Uneventful operation.

Additional info:

The problem occurs even when booting off a SATA disk with ATA disabled
(ide0=noprobe ide1=noprobe), but in that case it just hangs silently.

I also tried a vanilla 2.6.19-rc2 kernel (just in case longhaul works better -
there seemed to be several longhaul-related fixes in -rc1) and it works without
any problems with acpi-cpufreq (longhaul refuses to load due to APIC detected,
and doesn't recognise the CPU with APIC disabled).

Comment 1 Jon Stanley 2007-12-31 06:38:11 UTC

Hello,

I'm reviewing this bug as part of the kernel bug triage project, an attempt to
isolate current bugs in the Fedora kernel.

http://fedoraproject.org/wiki/KernelBugTriage

I am CC'ing myself to this bug, however this version of Fedora is no longer
maintained.

Please attempt to reproduce this bug with a current version of Fedora (presently
Fedora 8). If the bug no longer exists, please close the bug or I'll do so in a
few days if there is no further information lodged.

Thanks for using Fedora!

Comment 2 Lucas Maneos 2008-01-02 10:33:12 UTC

Feel free to close the bug since the F8 kernel uses eps instead of acpi-cpufreq
(yes, /proc/cpuinfo does list the est flag) so it doesn't apply.

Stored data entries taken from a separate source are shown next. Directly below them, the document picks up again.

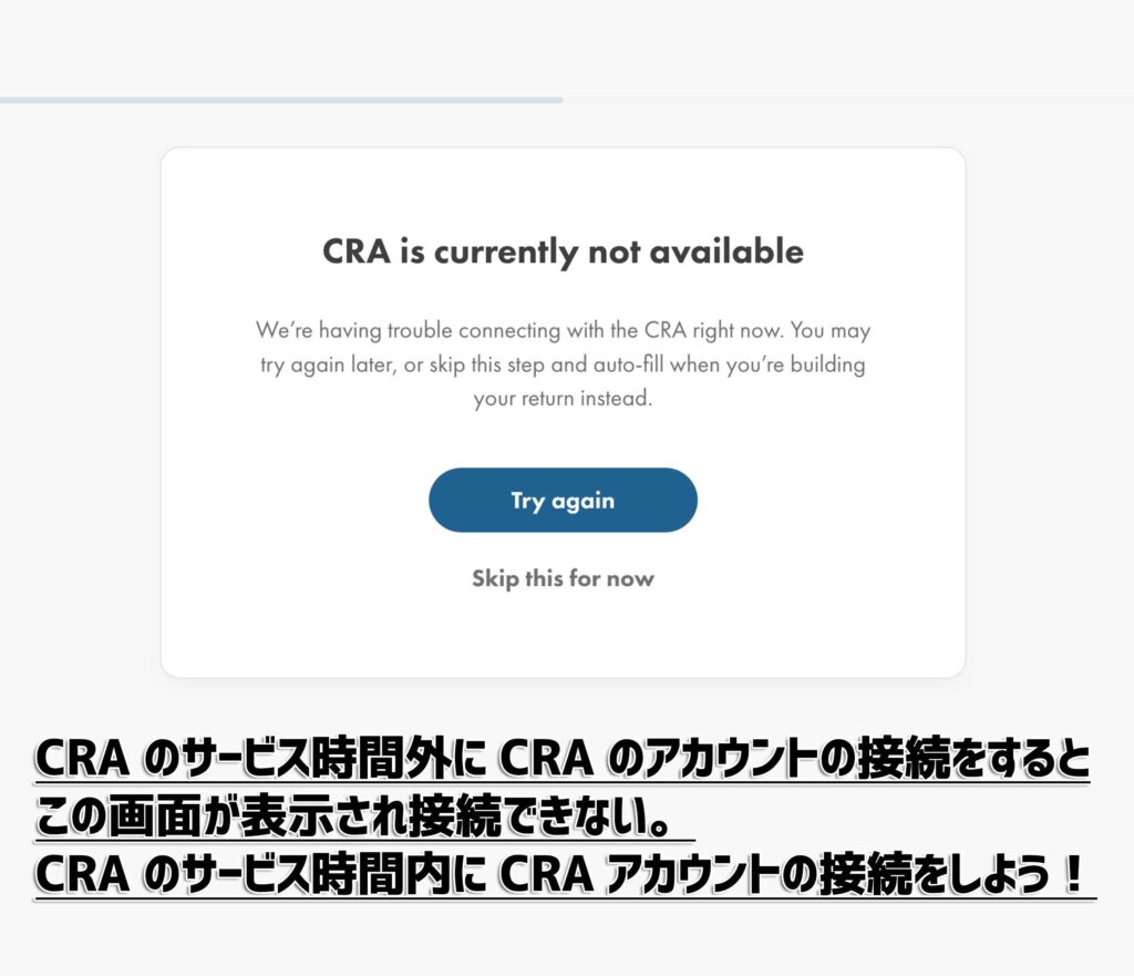 ちなみに CRA のサービス時間外にCRA のアカウントの接続をするとこの画面が表示され接続できず、下記の画面が表示されます。
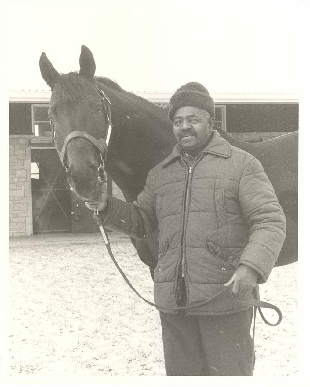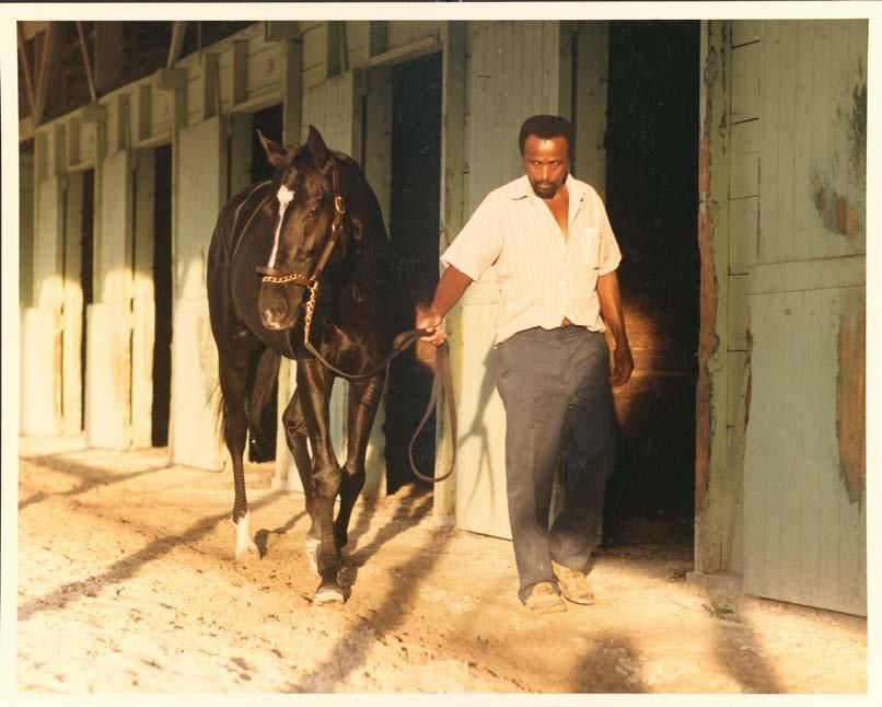 BORN IN 1938 in Holly Hill, South Carolina, Eddie Sweat left his family’s tenant farm in high school after future Racing Hall of Fame trainer Lucien Laurin offered him a job. Sweat traveled the racing circuit for much of his life, working as a hot walker, horse van driver, and groom for Lucien and then his son, Roger Laurin. While Secretariat, Sweat’s brilliant charge, rose to greatness and captivated the nation before and after his 1973 Triple Crown win, the horse’s many connections also made headlines. As a pair, Sweat and Secretariat were inseparable in the public eye and on the backside. Sweat shouldered the horse’s daily care, from mucking shedrow stalls at 4:30 every morning to tending to his needs around the clock, bunking nightly in a nearby tack room.
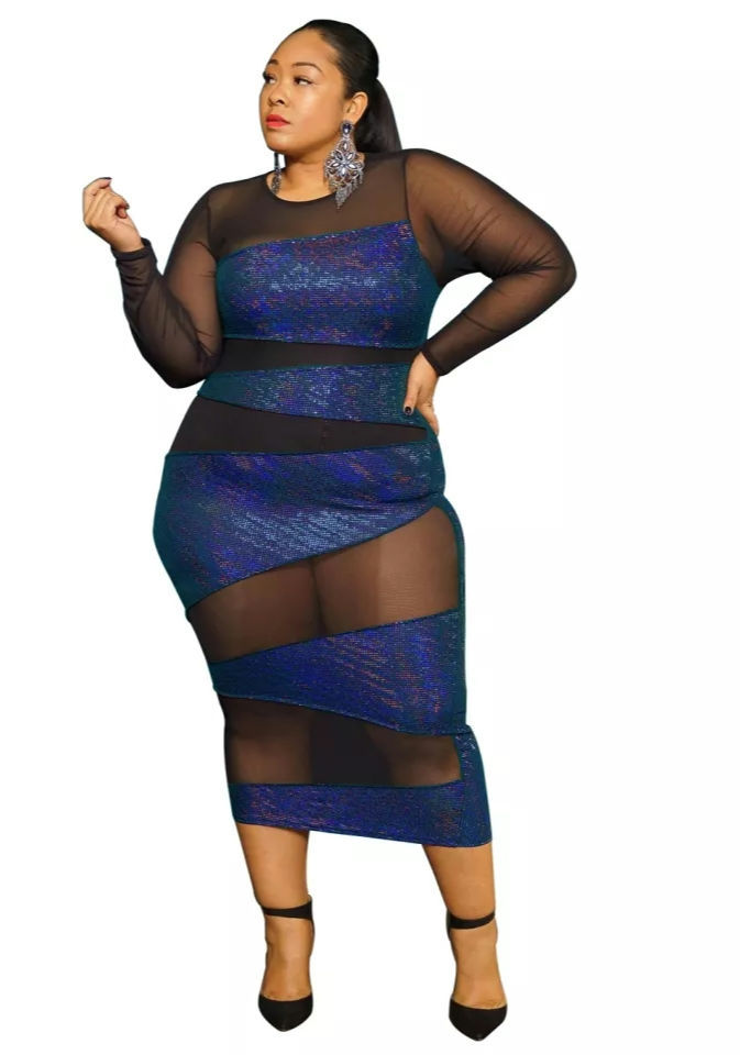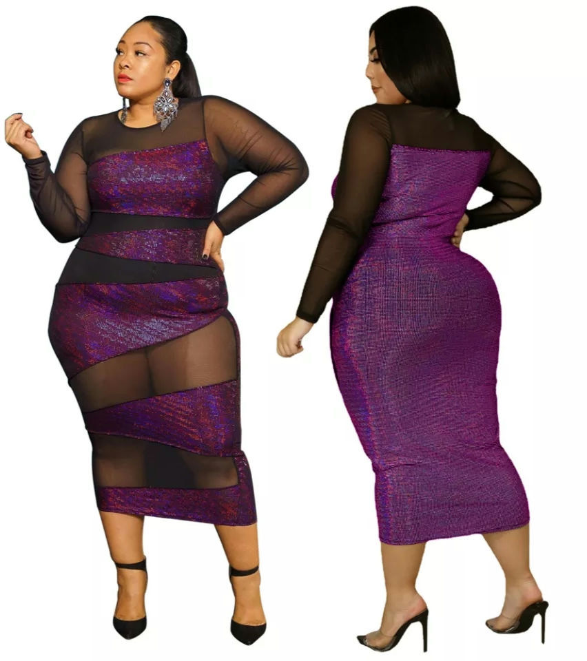 Sparkly Dress Plus Size Women See Through Mesh Patchwork Long Sleeves Sexy Party
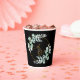 Eucalyptus and gold on black personalized wedding paper cups
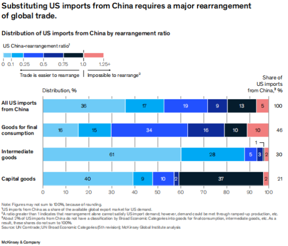 麦肯锡讲述的中枢创新在于提议了营业“重组比率”这一想法,用以臆测一国从特定营业伙伴入口商品后,能否放纵转向其他供应商。具体而言,重组比率界说为某国从特定营业伙伴的入口额占全球其他地区对该居品可用出口总和的比例。该比率越低,标明全球可替代的供应阛阓越大,营业重构的难度越小;反之,则标明重构难度大,以至在某些情况下险些弗成能。
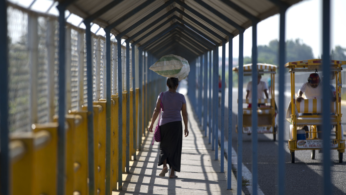 A woman walks on a Suchiate River bridge connecting Guatemala and Mexico. A State Department program allows some immigrants to bring their children to the U.S. from Honduras, El Salvador and Guatemala.
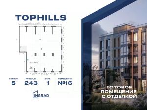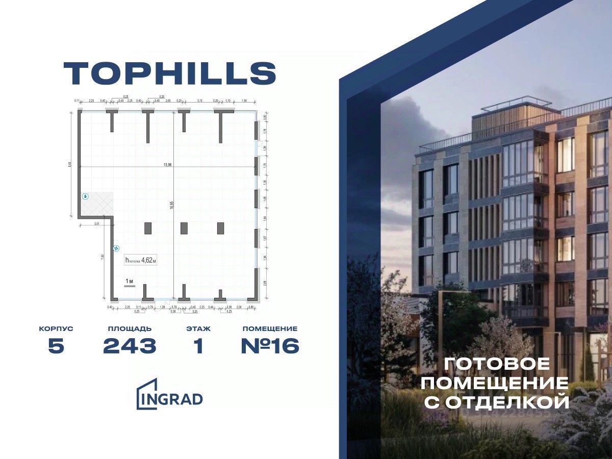 Готовое помещение с отделкой и арендатором площадью 242,3 кв.м. в квартале TopHills прямо у метро Нагорная. Расположено на 1 этаже жилого корпуса 5 на внутренней территории. 2 отдельных входа, возможность установить вызывную панель для доступа. В помещении 11 панорамных витрин, высота потолка 5,1 м, мокрые точки. Предусмотрена электрическая мощность 72,8 кВт.

FWIW, I hadn't tested it extensively before because once cpuspeed started and
the cpu went to the lower clock speed it wouldn't scale up again.  This doesn't
seem to be the case with the current kernel (2.6.23.9-85.fc8PAE) and it seems
stable so far (no problems after 1 hour of continuous "svnadmin load"s).

Comment 3 Lucas Maneos 2008-01-02 11:30:36 UTC

Looks like I spoke too soon :-(

I got a kernel panic a little bit later (svnadmin load loop still running).  The
stack trace part that was still visible on the screen was:

 [<c0445678>] tick_sched_timer+0x0/0xbb
 [<c05edff5>] tcp_transmit_skb+0x6x6/0x6f7
 [<c0432c40>] irq_exit+0x53/0x6b
 [<c041d05e>] smp_apic_timer_interrupt+0x71/0x7d
 [<c0405c2c>] apic_timer_interrupt+0x28/0x30
 [<c04359f6>] lock_timer_base+0x19/0x35
 [<c05ef9a2>] __tcp_push_pending_frames+0x709/0x7ba
 [<c05e5326>] tcp_sendmsg+0x16c/0xa40
 [<c05e5b02>] tcp_sendmsg+0x948/0xa40
 [<c04938bc>] dput+0x30/0xd7
 [<c048cde1>] __link_path_walk+0xa74/0xbaf
 [<c05b44e5>] sock_aio_write+0xea/0xf6
 [<c0484698>] do_sync_write+0xc7/0x10a
 [<c043e3f5>] autoremove_wake_function+0x0/0x35
 [<c04453fe>] tick_program_event+0x33/0x52
 [<c0484f1a>] vfs_write+0xbc/0x15a
 [<c0485523>] sys_write+0x41/0x67
 [<c0405112>] sysenter_past_esp+0x6b/0xa1
 =======================
Code: 00 00 00 85 d2 74 06 83 7a 0c 00 75 17 89 54 24 04 89 f0 89 ea 89 0c 24 83
 c9 ff e8 37 fa ff ff 89 c3 eb 0d 8b 5a 0c 0f b7 42 0a <8b> 04 83 89 42 0c 89 f8
 50 9d 90 8d b4 26 00 00 00 00 66 85 ed
EIP: [<c048108e>] kmem_cache_alloc+0x5a/0x99 SS:ESP 0068:d0b4bc1c
Kernel panic - not syncing: Fatal exception in interrupt

(transcribed by hand, I doublechecked but there may be errors)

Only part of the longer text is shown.